La lettera di recesso del contratto con cui la Mittal annuncia la fine della gestione dello stabilimento Ilva di Taranto, pubblicata integralmente dal Corriere della Sera, apre una nuova crisi nel sistema industriale del Paese. L’amministratore delegato Lucia Morselli scrive, nella lettera indirizzata ai commissari straordinari Ardito, Danovi e Lupo, dell’intenzione del colosso dell’acciaio di riaffidare nelle mani dello Stato lo stabilimento, ad un anno esatto dalla presa in carico degli impianti. Per la Mittal sono venute meno delle condizioni fondamentali per il prosieguo della lavorazione: in primo luogo, da un punto di vista ambientale, la conversione in legge del Decreto Imprese, che sancisce la decadenza dell’immunità penale. In secondo luogo, quello che l’azienda chiama “generale clima di ostilità“, che rende impossibile la gestione dell’azienda. E terzo, per ciò che concerne la produzione, la mancata adozione delle prescrizioni di sicurezza che potrebbe portare a breve alla chiusura dell’altoforno 2. A rischio quasi 11.000 posti di lavoro, tra Ilva ed aziende dell’indotto, una vera catastrofe per l’industria italiana ed in particolare per la già stagnante produzione nel Mezzogiorno.

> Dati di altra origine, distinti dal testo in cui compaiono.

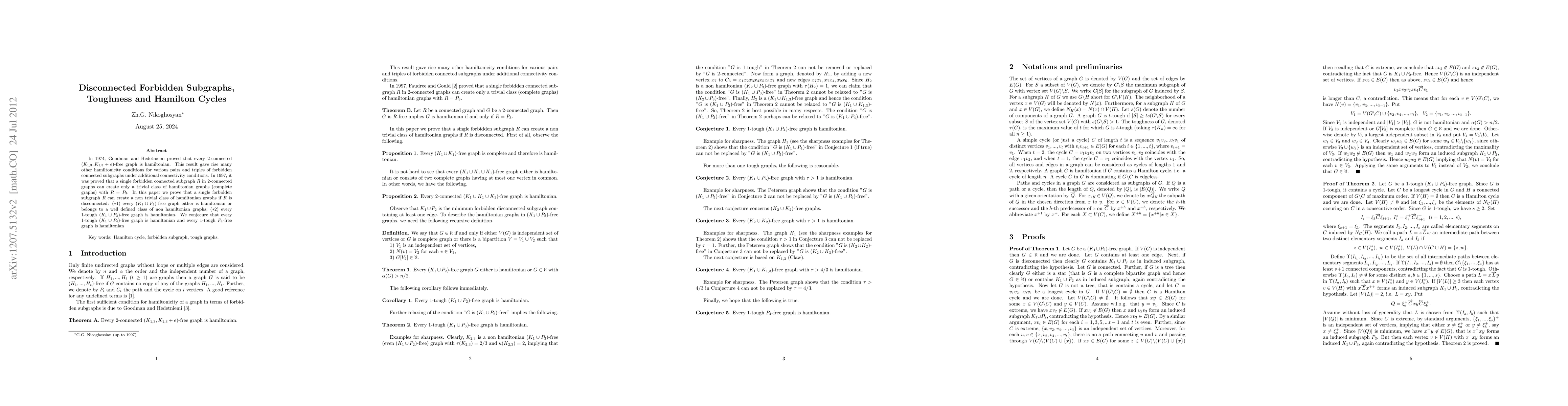 This paper investigates the relationship between disconnected forbidden subgraphs and Hamilton cycles, proving that certain disconnected subgraphs, like $K_1\cup P_2$ and $K_1\cup P_3$, lead to either Hamiltonian graphs or a well-defined class of non-Hamiltonian graphs. The authors conjecture that similar properties hold for $K_1\cup P_4$ and $P_4$-free graphs.

Per l’azienda il provvedimento del Governo, che prevede la soppressione del immunità penale ed amministrativa che fu concessa all’Ilva in relazione all’attuazione del Piano Ambientale, è un ostacolo giuridico troppo alto da sormontare. La cancellazione della norma, prevista nel Decreto Imprese, fortemente voluta dal Movimento Cinque Stelle ed in particolar modo dal Ministro Luigi Di Maio, non permetterebbe alla Mittal la realizzazione del Piano nonchè il prosieguo dell’attività di produzione. Inoltre l’azienda parla di iniziative e di dichiarazioni, da parte di istituzioni ed amministrazioni, favorevoli alla riconversione dell’area, che non farebbero altro che minare la stabilità e la credibilità del loro progetto industriale. Un riferimento chiaro al M5S, in particolare della sezione tarantina che ha visto dimettersi tutti i consiglieri seduti nell’assise comunale, che avevano chiesto a gran voce la riqualificazione dell’area prima dell’assegnazione dello stabilimento.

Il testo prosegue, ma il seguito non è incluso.